Flow Control: Deals with the allocation of the resources necessary for a message to advance through the network, performing the regulation of traffic in the channels. The data unit on which the flow control is performed is called Flow Control Unit (flit). Typically, a flit corresponds to a word of the physical channel called Physical Unit (phit).

*Memorization:* Packets destined for channels that are already allocated must wait for their release to be forwarded, what requires the implementation of some memorization scheme to store the blocked packets in queues within the router. Memorization is usually implemented only at the input channels.

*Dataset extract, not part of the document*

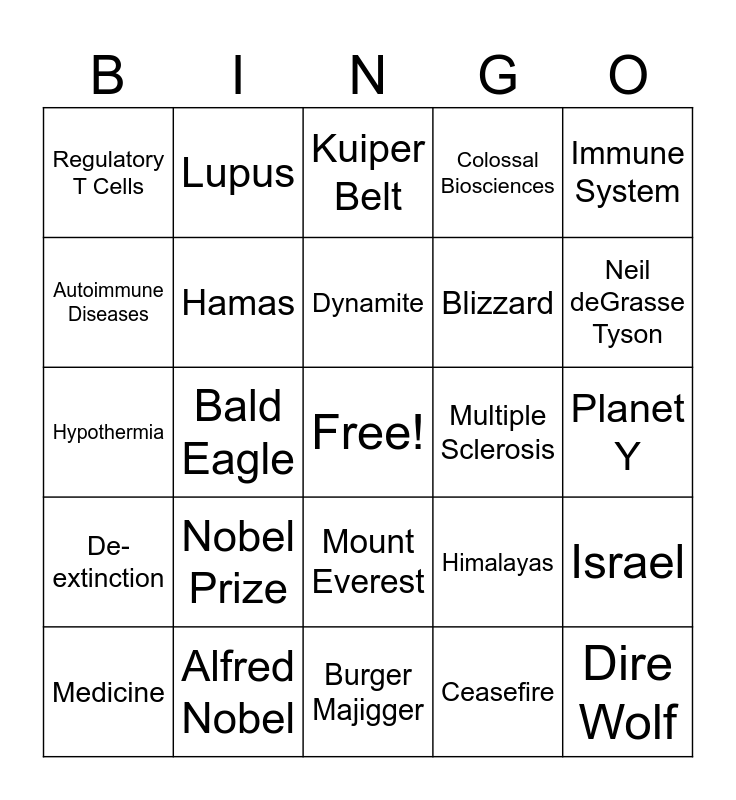 This bingo card has a free space and 24 words: Nobel Prize, Alfred Nobel, Dynamite, Medicine, Immune System, Regulatory T Cells, Autoimmune Diseases, Lupus, Multiple Sclerosis, Mount Everest, Blizzard, Hypothermia, Himalayas, Israel, Hamas, Ceasefire, Planet Y, Kuiper Belt, Neil deGrasse Tyson, Bald Eagle, Dire Wolf, De-extinction, Colossal Biosciences and Burger Majigger.

Routing: It sets the path to be used to forward a message to its destination. There are various routing strategies, which are typically classified according to the number of destinations (unicast or multicast), the place in which the routing is performed (centralized, source or distributed), the physical implementation type (table-based or algorithm), and the adaptivity (deterministic, adaptive or oblivious). Routing algorithms in NoCs should prevent packets from being blocked in the network (deadlock) and avoid packets to move through the network without reaching their destination (livelock) [10].

*Arbitration:* It resolves a conflict that arises when two or more messages compete for the same channel. Round-Robin is the main arbitration scheme used in NoCs because it promotes an equal distribution of the channel.

*Switching:* It determines how a message is transferred from the input of a router to one of its output channels. The main types are circuit and packet switching.

#### III. FAULT TOLERANCE

Several trends are leading to increased fault rates in commodity processors, such as smaller devices, hotter chips, more devices per processor, and more complex designs [4].

The relationship between fault, error, and failure is presented in [13]. A fault is active when it produces an error. An error can be propagated and turned into other errors. A system failure occurs when an error is propagated to the service interface and causes a deviation in its regular form of execution. Likewise, [4] considers a fault as a physical defect. A fault may manifest an error, and an error may result in an incorrect behavior, called a failure (Fig. 4).



Fig. 4. Fault, error and failure relation

Faults and errors can be masked and not lead to an error or a failure. Masking occurs at several levels and because of several reasons, including:

- Logical masking: the effect of an error may be logically masked;
- Architectural masking: the effect of an error may never propagate to architectural state and never become a user-visible failure; and
- Application masking: even if an error does impact architectural state and thus becomes a user-visible failure, the failure might never be observed by the application software.

#### A. Fault Classification

Faults and errors can be classified according to their duration [14], as follows:

Transient Faults: Transient faults occur only once and do not persist. An error arising from a transient fault is generally known as Soft Error (SE) or Single Event Upset (SEU). One of the main causes of transient faults is radiation from particles produced when cosmic rays impact the atmosphere. Other sources are alpha particles, produced by the natural decay of radioactive isotopes. Such faults have a high incidence on memory elements of a system [4].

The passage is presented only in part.